The inclusion of the volume capacity ratio in the so-called timetable-based

assignment leads to a completely different result: the impedance takes into

account an additional penalty, depending on the volume capacity ratio per link

and time interval. If the volume capacity ratio per route section exceeds the

defined values the impedance on this route is increased. Hence other

connections - if available – become more attractive to passengers. This

approach can be interpreted as controlled guiding of passenger flows to less

busy routes. Hence it is possible to determine the amount of passengers that

can still be managed and to analyse the preferred services in a more realistic

and reliable manner.

Based on the assignment results and the calculation of performance

indicators, the planning program calculates the following indicators used for

system evaluation:

• Passenger volume and capacity utilisation per route, link and time interval, waiting time per stop and travel time from origin to destination

• Performance like no. of vehicles required, vehicle kilometres etc.

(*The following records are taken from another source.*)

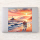 A dreamy coastal scene unfolds at golden hour, where a couple strolls along the shoreline beneath a glowing sunset and a distant lighthouse. Soft pastel skies blend coral, peach, and warm amber tones with rolling ocean waves, creating a tranquil, romantic atmosphere. The painterly style feels whimsical and cozy, evoking cottagecore and coastal folk aesthetics with a gentle sense of wander and togetherness. AI generated artwork.
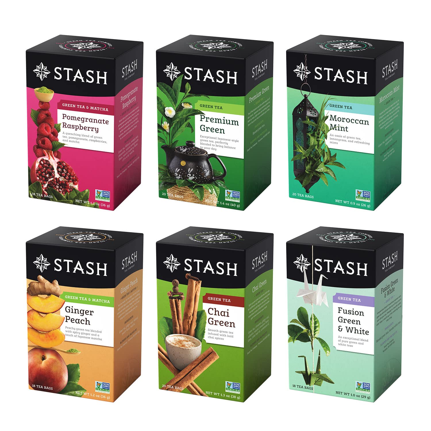 Stash Tea Green Tea Variety Pack Sampler Assortment - Caffeinated, Non-GMO Project Verified Premium Tea with No Artificial Ingredients, 20 Count (Pack of 6)
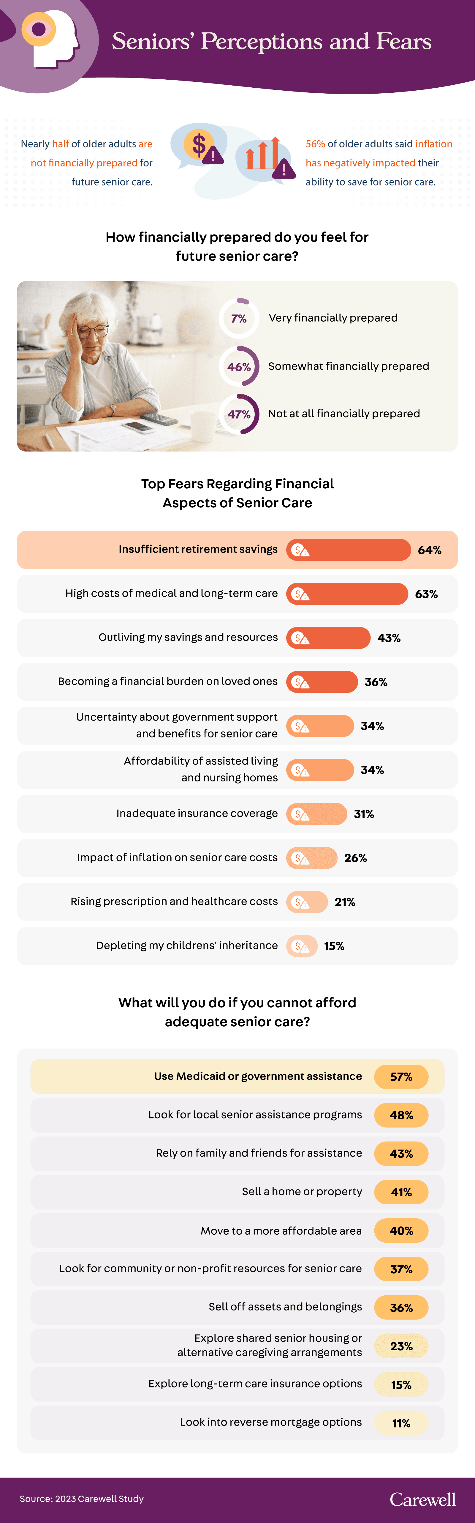 Nearly 50% of older adults feel they are not financially prepared for future senior care.
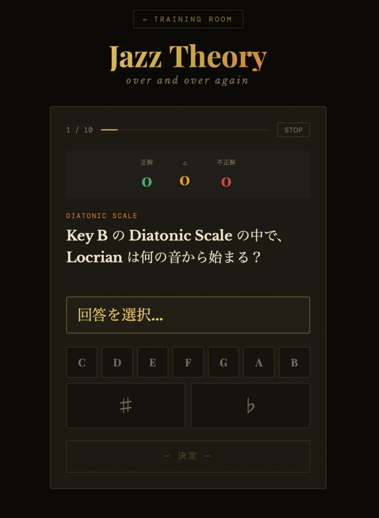 下記画像は⑧Diatonic Scaleが出題されていますね。回答をボタンで選んで決定を押すだけ!
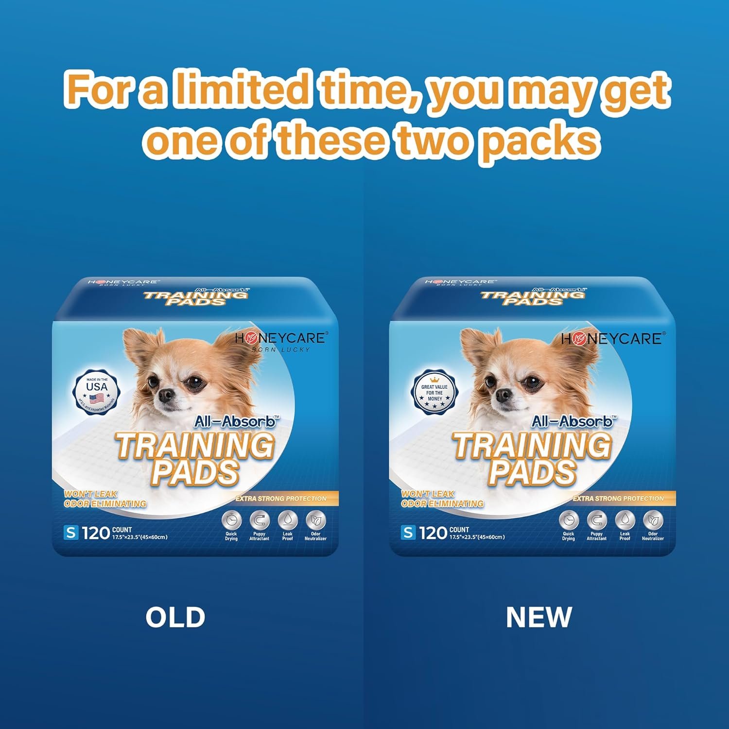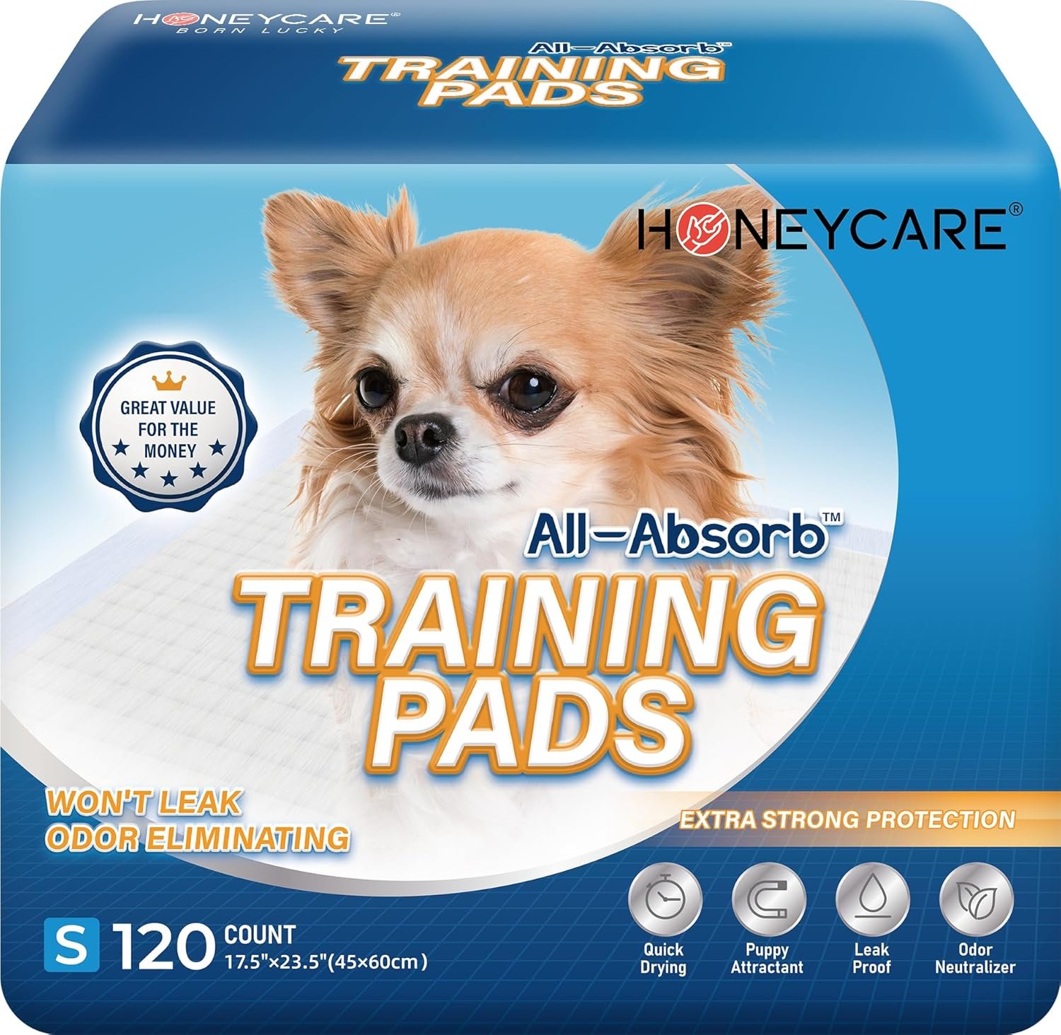Honey Care All-Absorb, Small 17.5″ x 23.5″, 120 Count, Dog and Puppy Training Pads, Ultra Absorbent and Odor Eliminating, Leak-Proof 5-Layer Potty Training Pads with Quick-Dry Surface, Blue, A05
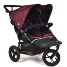 The Nipper Double V6 is our most advanced and versatile double pushchair to date – suitable from newborn to around 4 years old. Built with a durable design that’s made to last (and with access to spare parts when you need them), this all-terrain 3-wheel buggy has 12” air-filled tyres, rear suspension, a swivel-lock front wheel for stability on rough ground, and a lightweight aluminium frame that’s easy to handle. It seats two children (22kg capacity each) yet is just 71cm wide, so it fits through standard doorways with ease.
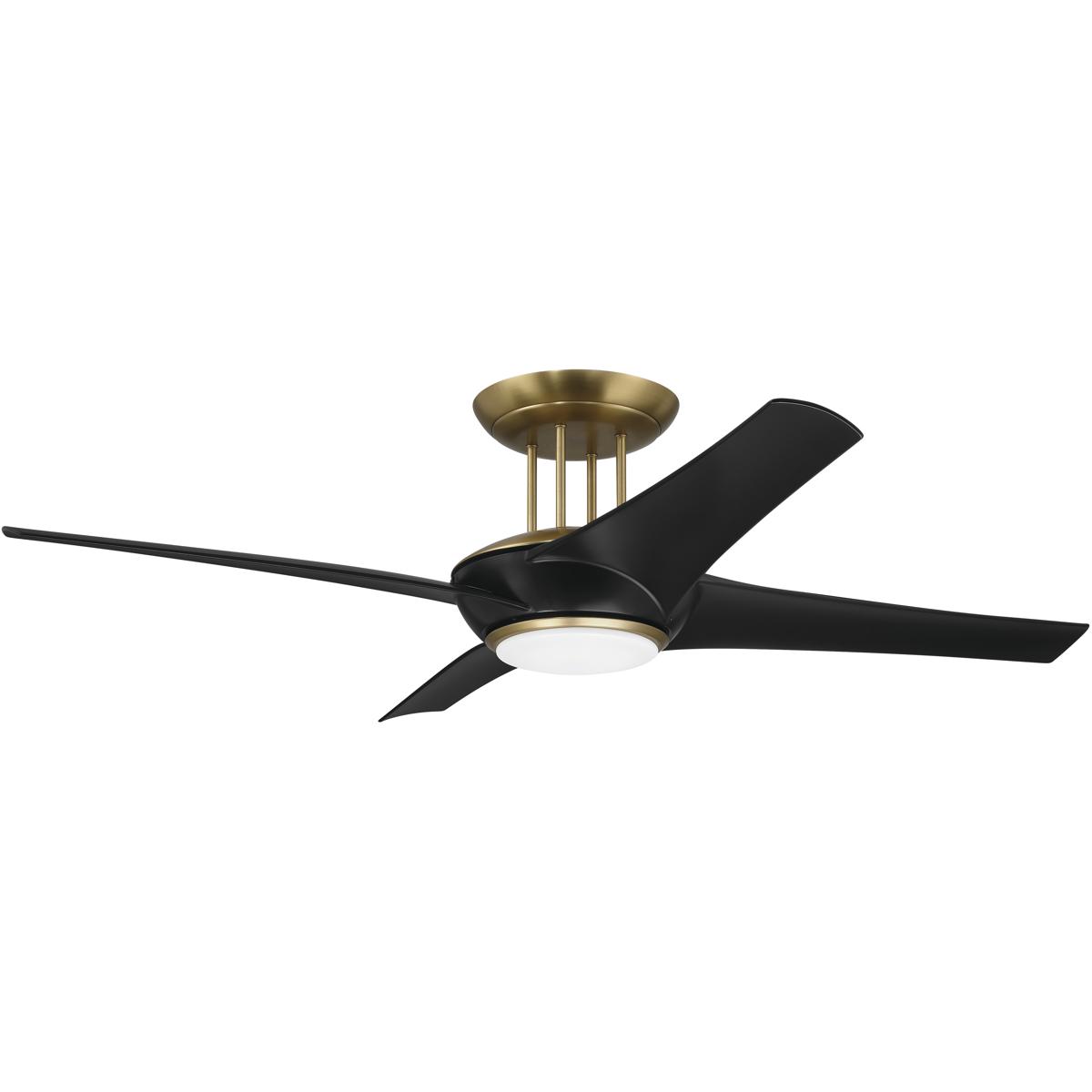Sharp angular blades come together at the center housing of this fan for a modern, yet transitional look. Available in finishes that match most interior spaces, select from Matte Black, Satin Nickel with Greywood, Natural Aged Brass with White Blades and Charcoal with Driftwood Blades. With a DC motor and magnetic wall mounted remote that is included, this fan is sure to be a stylish addition to your space.
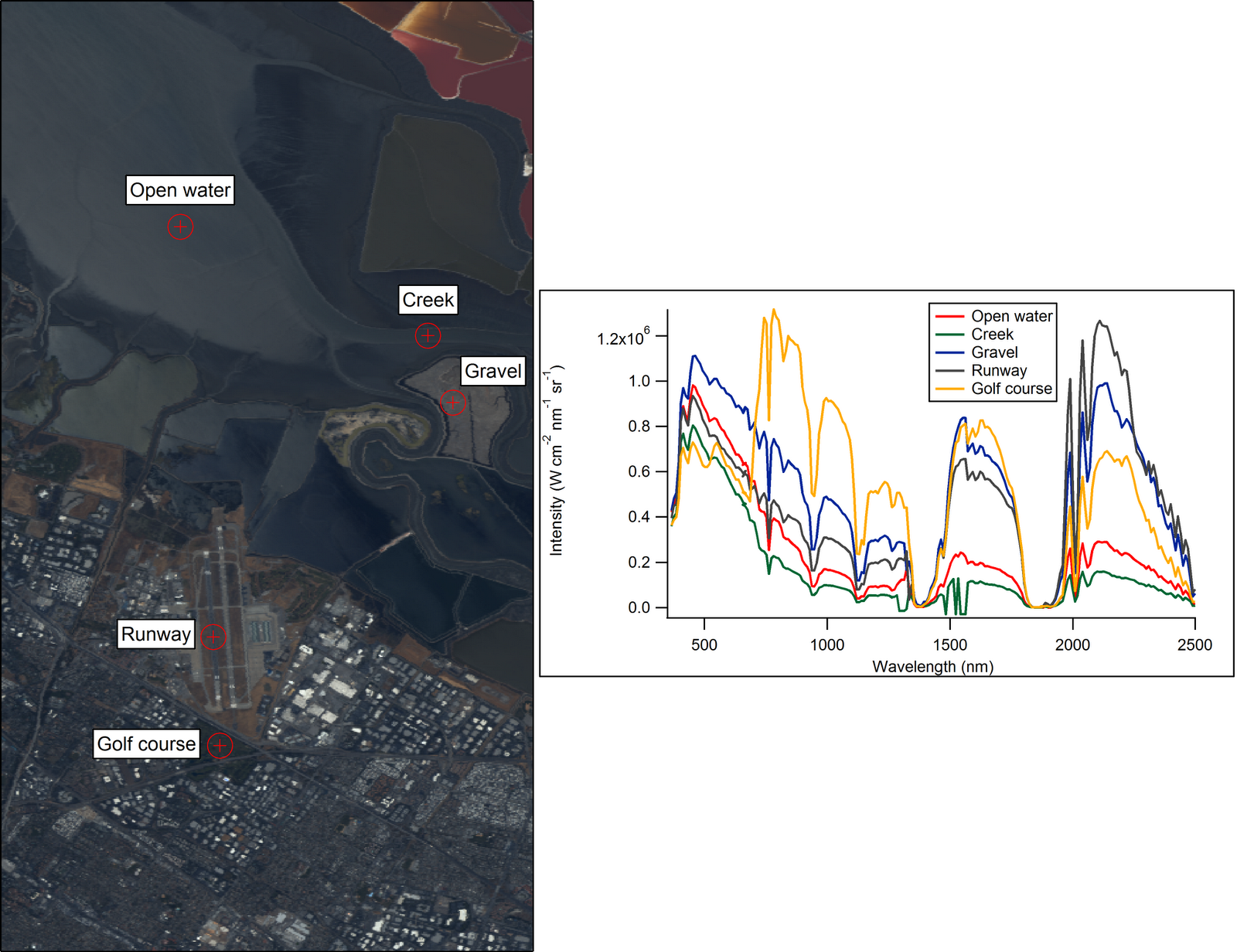 Looking at the different spectra we can see that liquid water absorbs strongly in the infrared, and the green grass on the golf course reflects strongly in the near-infrared (no clue why). There is also a clear difference in intensities for each of the locations in the visual range, but the five locations otherwise look quite similar, even though they are very different colors in real life.

• Estimation of operating costs and expected fare revenues.

System analysis based on macroscopic assignment provides more than only

the "big picture" and allows identifying potential bottlenecks in the system over

time. Even capacity restraints in public transport assignment can be taken into

account. For a more detailed assessment of the various processes

determining the overall system performance the microscopic simulation

comes into play. It can also cope with situations where the demand

significantly exceeds the capacity.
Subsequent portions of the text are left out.